About me. My name is Megan. I’m just a normal, 34-year-old, I suppose. I share a home with my husband (my best friend), Chris, and our two (very excitable) dogs, Sam and Nacho. I have a good job that keeps me pretty busy when I’m in my usual routine. So busy, in fact, that between daily responsibilities, a lengthy commute, and trying to fit in some much needed downtime with my family, I normally wouldn’t entertain the idea of creating and keeping up with my own blog… that and the fact that I’m slightly anti-technology (although I do carry an iPhone) and not completely down with social media. I don’t even have a Facebook page (surprising, I know). So, how did I get here? Well, it’s a bumpy road that I’m still trying to navigate.

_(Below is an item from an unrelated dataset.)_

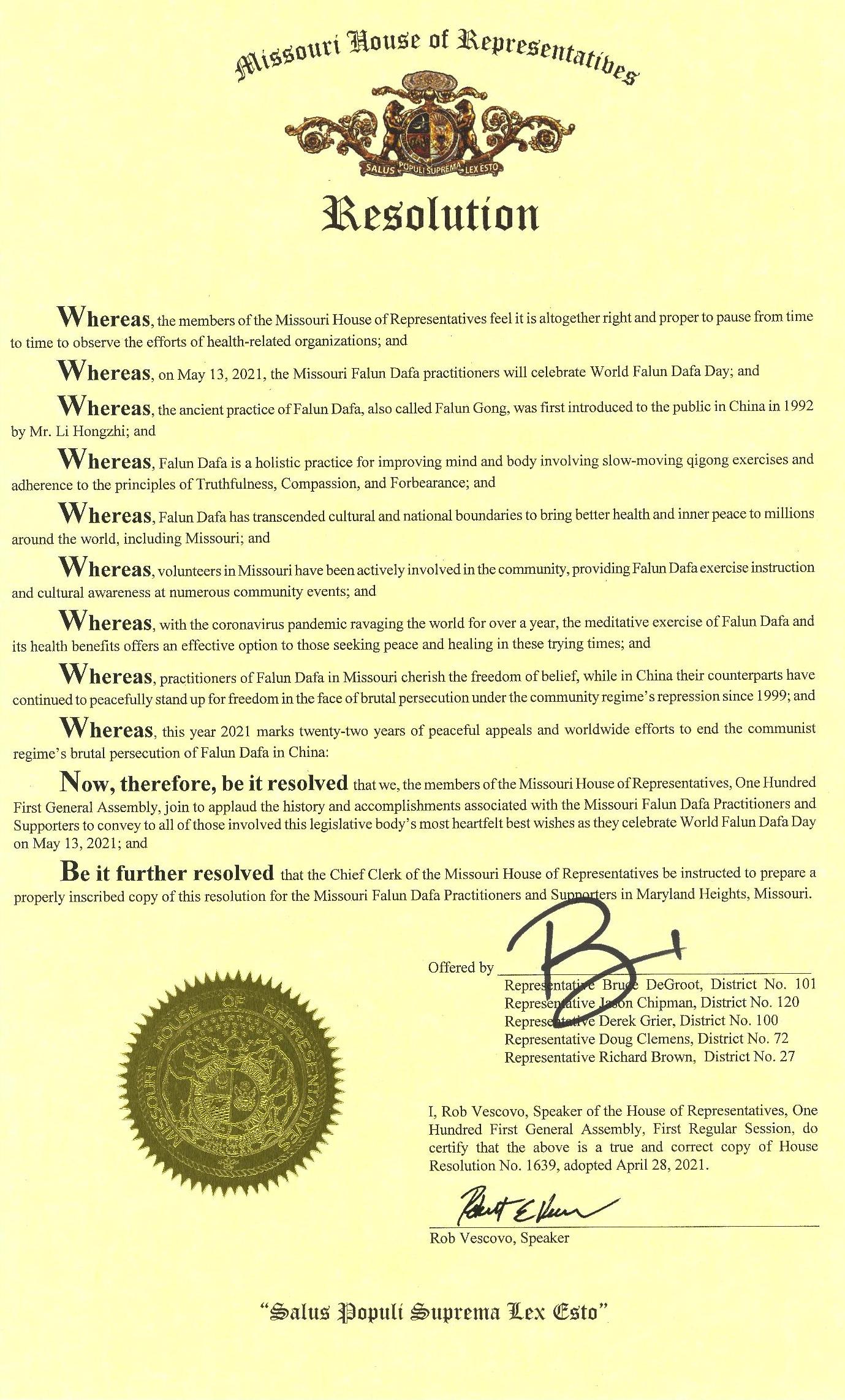 決議案中說,「我們,密蘇裏州眾議院第一百零一屆議會的議員們,向密蘇裏州法輪大法修煉者在過去取得的成就表示祝賀。向所有在五月十三日慶祝世界法輪大法日的人們表示最衷心最良好的祝願。」

How did I get here? Our baby boy was stillborn. My husband and I lost our beautiful son, Rylan Michael, on May 12, 2013. I’m still crushed by that reality. The sad feeling in my gut rises up in the morning, follows me all day, and keeps me up at night. That’s not to say that I don’t have good moments, or even smiles these days… but the sadness is always there. Since we lost Rylan we’ve had a lot of support from friends and family, but the harsh reality is that those closest to us have no idea how we feel or what we’ve been going through since that night. In the process of searching for support groups or counselors specific to our experience (which seem few and far between) I came across several web sites and blogs where people have shared their own stories of loss and survival. I’ve spent a lot of time reading those stories. Although they can be sad and difficult to read sometimes, they help validate my own feelings and make me feel less alone. I hope that by writing this blog I will have an outlet to not only get my own feelings and experiences out, but to also provide comfort to others.
Rylan will always be with us and my hope is that by following our story, you will remember him, too. Thank you for stopping by.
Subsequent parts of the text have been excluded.